I have a data frame where some columns have the same data, but different column names. I would like to remove duplicated columns, but merge the column names. An example, where test1 and test4 columns are duplicates:
df
test1 test2 test3 test4
1 1 1 0 1
2 2 2 2 2
3 3 4 4 3
4 4 4 4 4
5 5 5 5 5
6 6 6 6 6
and I would like the result to be something like this:
df
test1+test4 test2 test3
1 1 1 0
2 2 2 2
3 3 4 4
4 4 4 4
5 5 5 5
6 6 6 6
Here is the data:
structure(list(test1 = c(1, 2, 3, 4, 5, 6), test2 = c(1, 2, 4,
4, 5, 6), test3 = c(0, 2, 4, 4, 5, 6), test4 = c(1, 2, 3, 4,
5, 6)), .Names = c("test1", "test2", "test3", "test4"), row.names = c(NA,
-6L), class = "data.frame")
Please note that I do not simply want to remove duplicated columns.
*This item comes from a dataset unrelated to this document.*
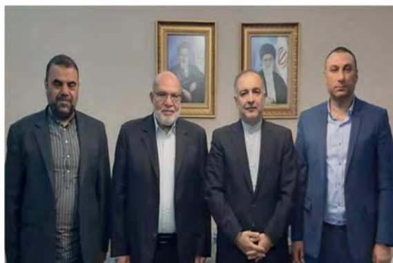
פגישת שגריר איראן בסוריה עם נציגי הג'האד האסלאמי (איסנ"א, 22 באוגוסט)

◀ בהתייחסו לסבב הלחימה האחרון בעזה אמר סלאמי, כי אילו העימות היה מתרחב, כלל הקבוצות הפלסטיניות, לרבות חמאס ופתח, היו מתערבות בלחימה, אך מאחר שהג'האד האסלאמי הצליח לנהל את המערכה בעצמו, לא היה צורך בהתערבות יתר הקבוצות, שתמכו בו מבחינה מורלית. הוא ציין, כי האסטרטגיה של "ההתנגדות" היא לכפות על האויב לקבל את תנאי הפלסטינים באמצעות עימותים מוגבלים וקצרים וכי הוכח ש"המשטר הציוני" אינו מסוגל להילחם אפילו נגד קבוצה אחת של "ההתנגדות", והביא כראייה לכך את רצונה של ישראל לסיים את הלחימה. סלאמי אמר, כי כשם שעזה התחמשה, כך גם הגדה המערבית יכולה להתחמש וכי תהליך זה כבר החל ונמצא בעיצומו. הוא ציין, כי אין כל קושי לייצר אמצעי לחימה ולהעבירם ממקום למקום. הוא ציין, כי בפגישתו בטהראן עם מזכ"ל הג'האד האסלאמי, זיאד נח'אלה, במהלך סבב הלחימה האחרון בעזה דנו השניים בשחיקת כוחם של הציונים בהשוואה לעבר. סלאמי אמר, כי הפלסטינים מאמינים שישראל בשקיעה, שעוצמתה נשחקת עם הזמן וכי בעתיד הקרוב יוכלו להפוך לבעלים של ארצם. ◀ שגריר איראן בסוריה, מהדי סבחאני (Mehdi Sobhani), נפגש ב-22 באוגוסט 2022 עם נציגי הג'האד האסלאמי הפלסטיני בדמשק. בהודעת שגרירות איראן בדמשק נאמר, כי הפגישה דנה בהתפתחויות ברצועת עזה ובגדה המערבית ובסבב הלחימה האחרון בעזה (מבצע "עלות השחר") וכי השגריר האיראני שיבח את "התנגדות הג'האד" במאבק נגד "המשטר הציוני" (איסנ"א, 22 באוגוסט 2022).

I also want to merge the column names of the duplicated columns, after the duplicates are removed.
I could do it manually for the simple table I posted, but I want to use this on large datasets, where I don't know in advance what columns are identical. I do not what to remove and rename columns manually, since I might have over 50 duplicated columns.